Good luck, she looks like a very sweet girl. Finger's crossed that hubby says OK.


----------



## GoToLeep (Oct 21, 2008)

jealous1 said:


> She is lovely! Hope you're successful w/ DH--she sounds perfect.



OK ... I have to ask ... what does DH stand for?? I know it refers to husband but am not sure of the whole meaning.


----------



## Thor0918 (Feb 28, 2008)

How could he possibly say no???


----------



## MillysMom (Nov 5, 2008)

GoToLeep said:


> OK ... I have to ask ... what does DH stand for?? I know it refers to husband but am not sure of the whole meaning.


can be darling husband, **** husband, dear husband, etc.


----------



## Oaklys Dad (Dec 28, 2005)

Good luck to you!


----------



## Debles (Sep 6, 2007)

I hope you can rescue her. She is gorgeous. I hate it when "bredders" get rid of their females used for breeding. They should be a family member. But I am so glad she may go home with you!!! Fingers crossed!


----------



## Prov31 (Aug 16, 2006)

Debles said:


> I hope you can rescue her. She is gorgeous. I hate it when "bredders" get rid of their females used for breeding. They should be a family member. But I am so glad she may go home with you!!! Fingers crossed!
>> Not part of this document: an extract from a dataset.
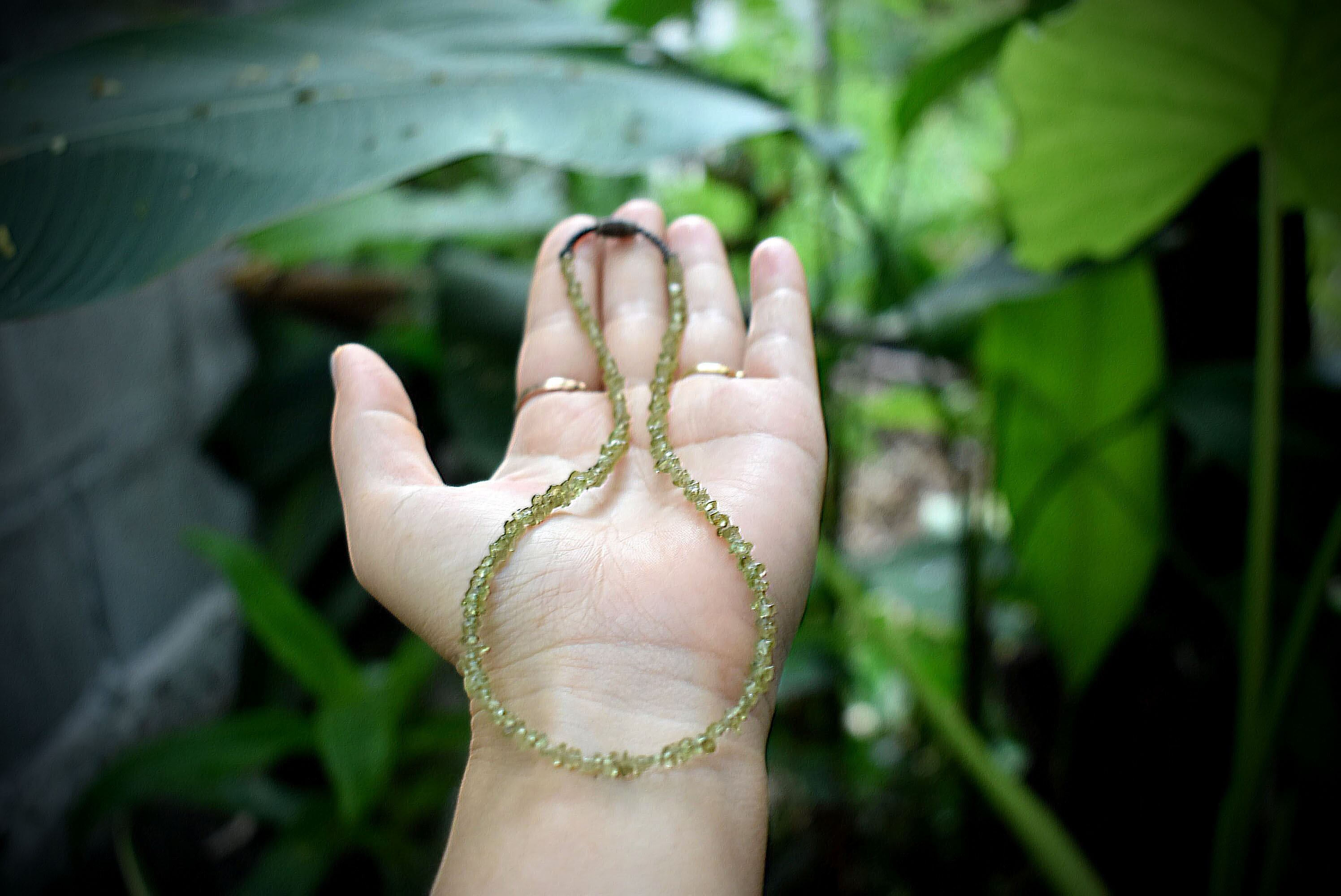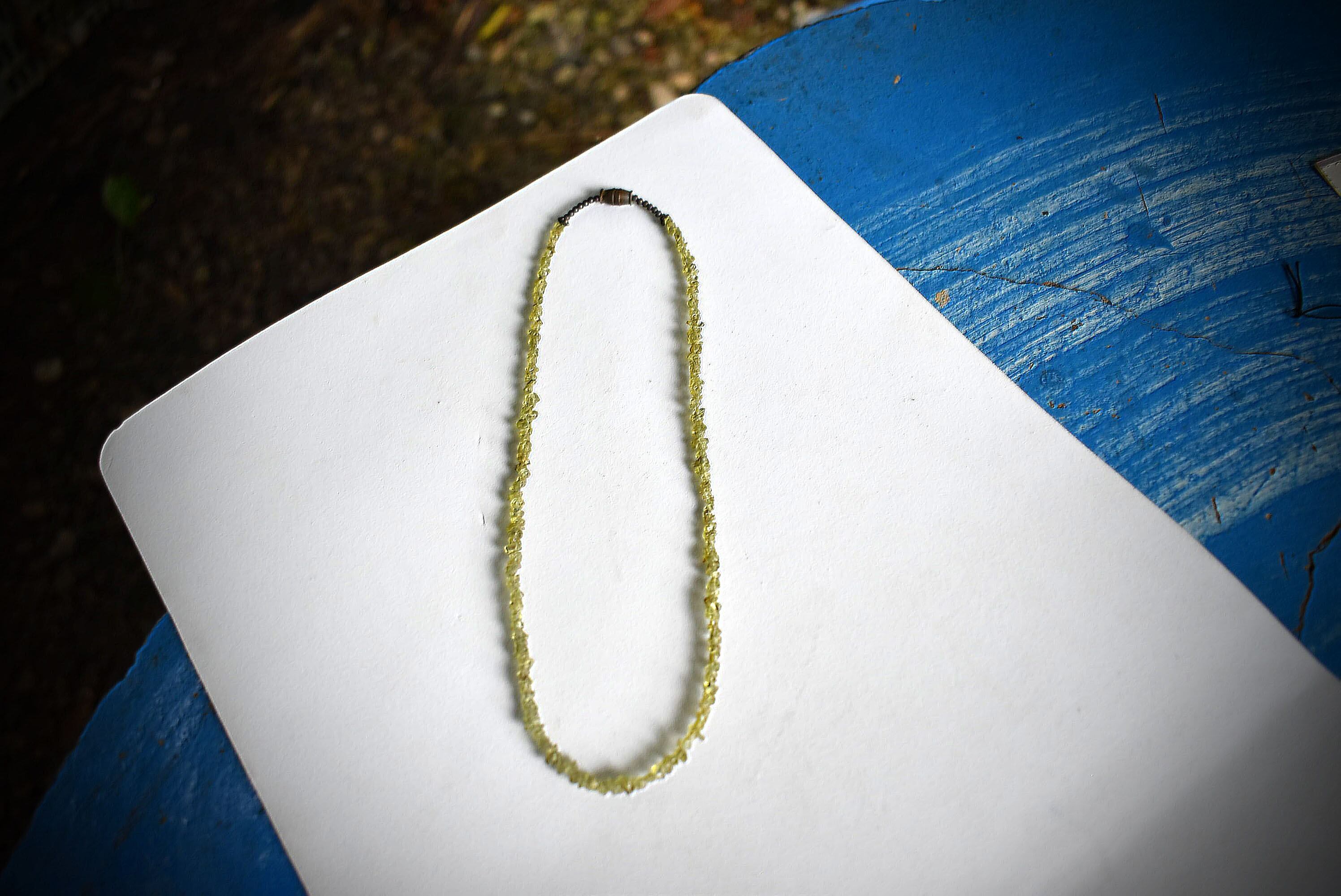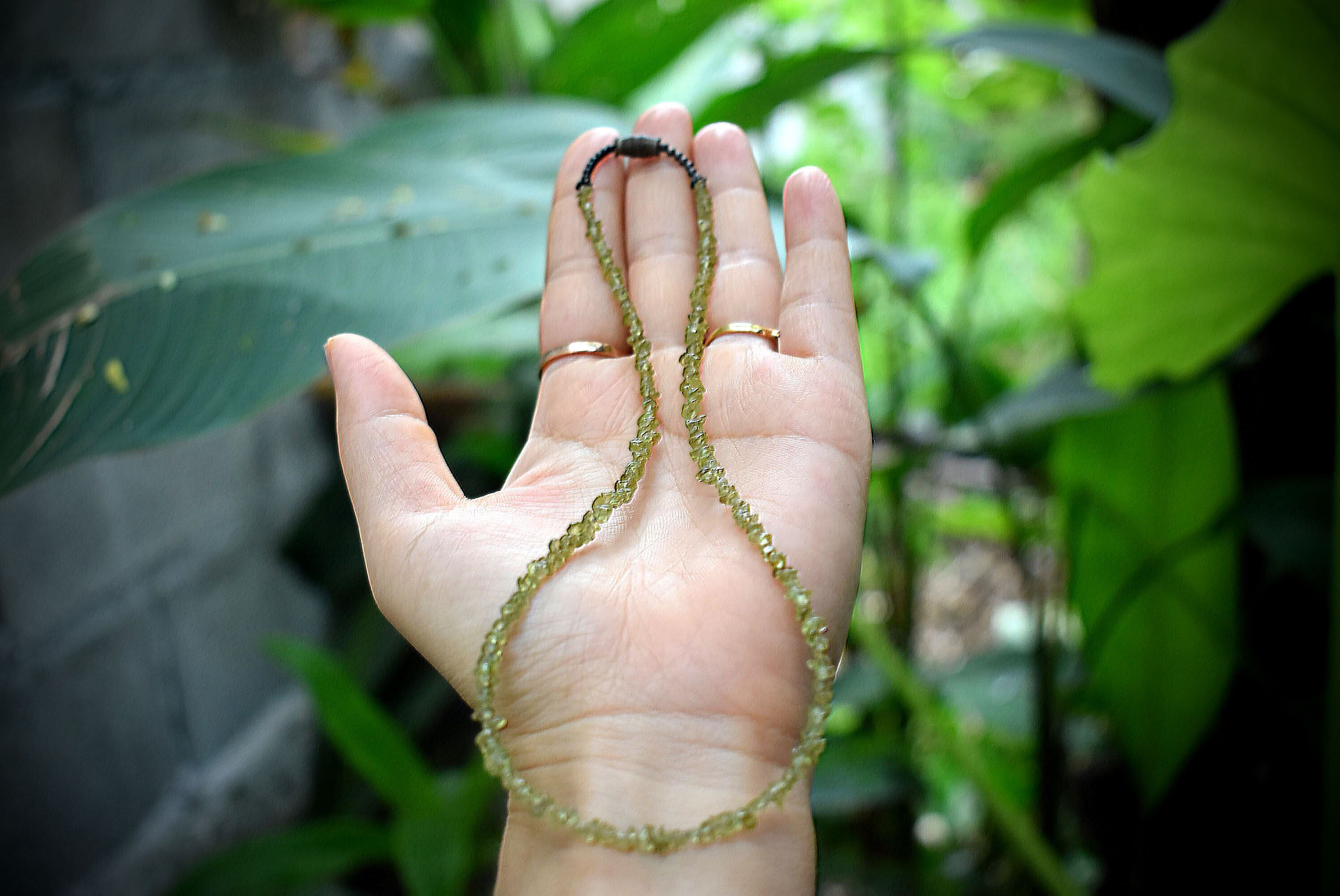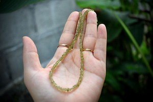 高品質なペリドット細石にひとつひとつ穴をあけ、重ね合わせたネックレスを制作しました。

She is darling. Good luck! I would have to strongly (and politely:wave disagree with the above statement. A responsible breeder will only have a female have a few litters while she is in her best years for delivering healthy puppies. After that, it is common for a responsible breeder to find a good, loving home for the girl to retire and enjoy life. Our Annie is such a dog. She had two litters for an excellent breeder and then she retired to our home, where she sleeps on a king-sized bed and has attention 24 hours a day. In return, we got a fabulous dog that is well socialized and has wonderful manners. This allows the breeder to continue their breeding program and spend time with the other new moms. Annie loves being retired!


----------



## SoGolden (Jul 17, 2008)

Prov31 said:


> She is darling. Good luck! I would have to strongly (and politely:wave disagree with the above statement. A responsible breeder will only have a female have a few litters while she is in her best years for delivering healthy puppies. After that, it is common for a responsible breeder to find a good, loving home for the girl to retire and enjoy life. Our Annie is such a dog. She had two litters for an excellent breeder and then she retired to our home, where she sleeps on a king-sized bed and has attention 24 hours a day. In return, we got a fabulous dog that is well socialized and has wonderful manners. This allows the breeder to continue their breeding program and spend time with the other new moms. Annie loves being retired!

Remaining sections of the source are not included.